In the midst of the coronavirus outbreak, employers all over the country are encouraging and even mandating staff work from home. With such a shift, I’ve seen a lot of articles with really helpful resources for taking your team remote or staying focused while working from home.
But once you’ve chosen your video conferencing platform (like Zoom or Skype), your project management platform (like Basecamp or Asana), and made sure your team has the necessary technology at home, how do you implement them in a way that allows your team to communicate effectively? You may need to create some ground rules and guidelines.
When I became the Executive Director of a nonprofit, two (out of 12) employees were remote. They were outliers, and were responsible for keeping themselves in the loop by requesting phone and video calls when they couldn’t just pop their heads into a colleague’s office. When I downsized our offices and gave the entire staff the option to WFH (I’ll share the reasons for it in another post), I realized that we needed to create some guidelines in order to make the transition—and the work itself—as smooth as possible.
One category of guidelines was for videoconferencing specifically.
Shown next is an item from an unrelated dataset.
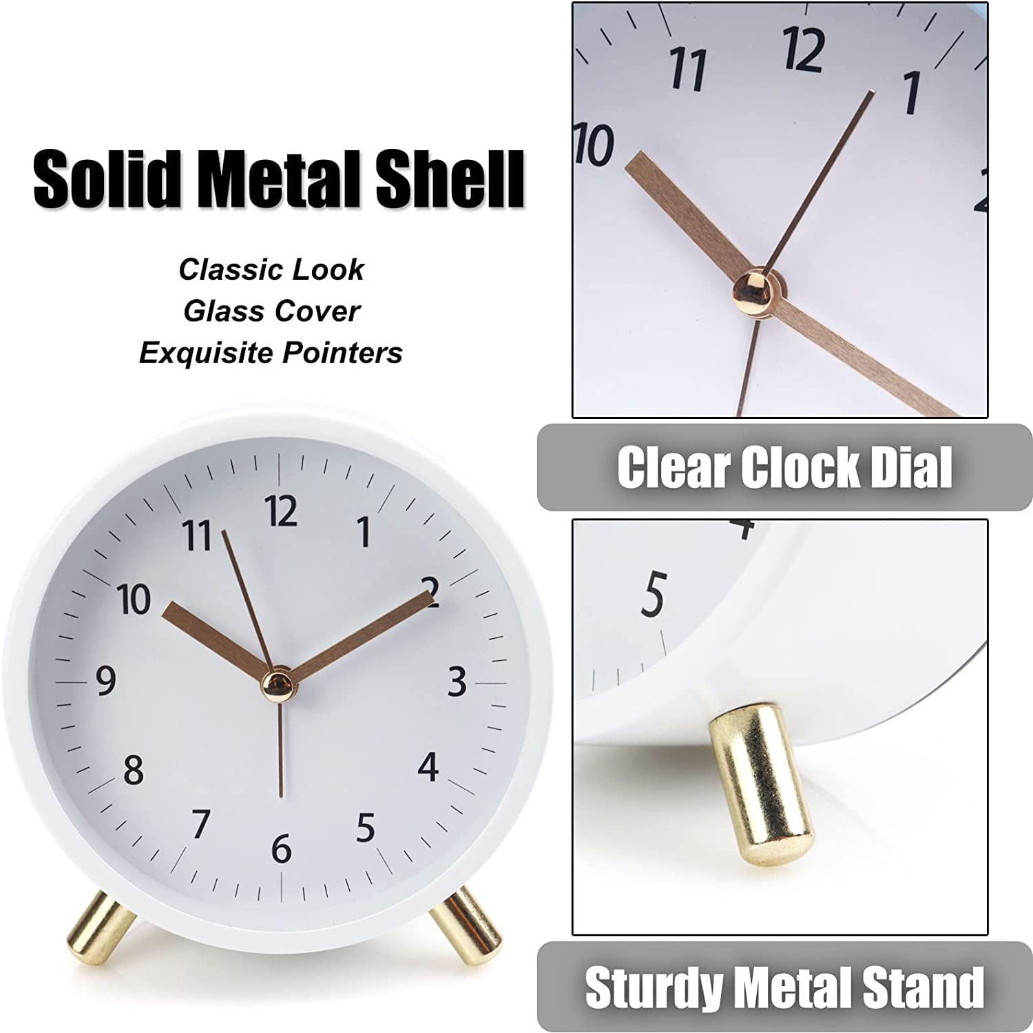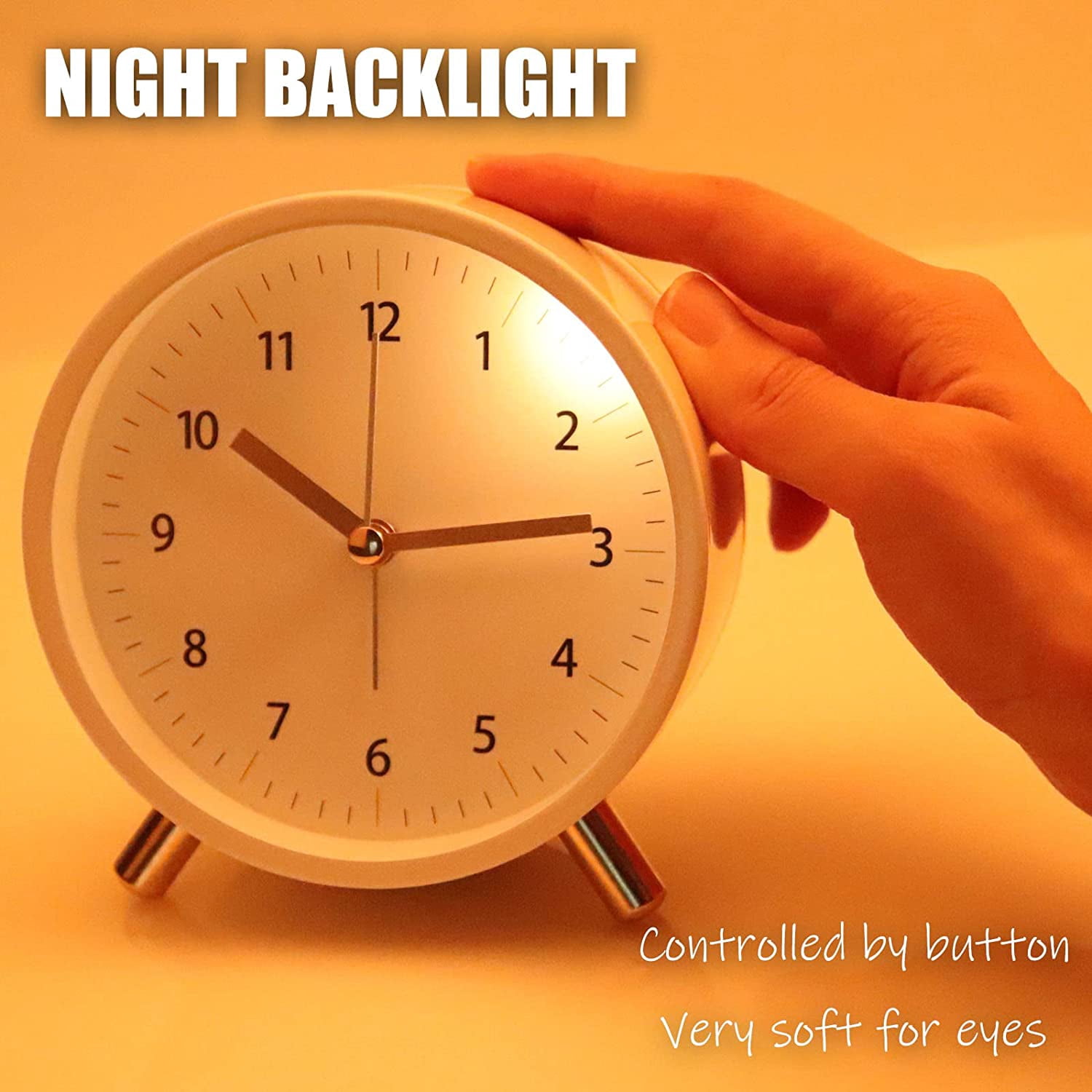 Clear Clock FaceWhite background, delicate pointers and dial make it easy to read the time. Soft BacklightThe light yellow night backlight makes your eyes comfortable while checking time at midnight. Steady StandsThe metal stands is robust, making it more stable to place the alarm clock at any flat surface. Makes Easy Life No ComplexityJust Simplicity

The first and most important rule: Use video as often as possible. If an internal meeting would otherwise take place in a conference room or in someone’s office (in other words: face to face), use video. Of course, there may times when a phone call is much more efficient, but try to stick with this.
Now that all of your meetings and check-ins are on video, here are the rules we came up with:
- Everyone has to use their camera. No exceptions. (Okay, maybe a few, like if someone is sick and covered with snot, if they’re breastfeeding and need some privacy, or if they’re traveling and really can’t.)
- Use one camera per participant. In other words, if multiple team members are in the same room, they each need a camera on them, instead of one camera pointed at them sitting close together. This can seem weird for the people who are actually in same room, but it’s so important for folks to be able to see individual facial expressions and reactions while communicating.
- Select the tiled display of participants when possible. You know, the one that looks like the opening credits of The Brady Bunch? That way, you can see who’s in the meeting at any given time. (This is definitely better for smaller meetings.)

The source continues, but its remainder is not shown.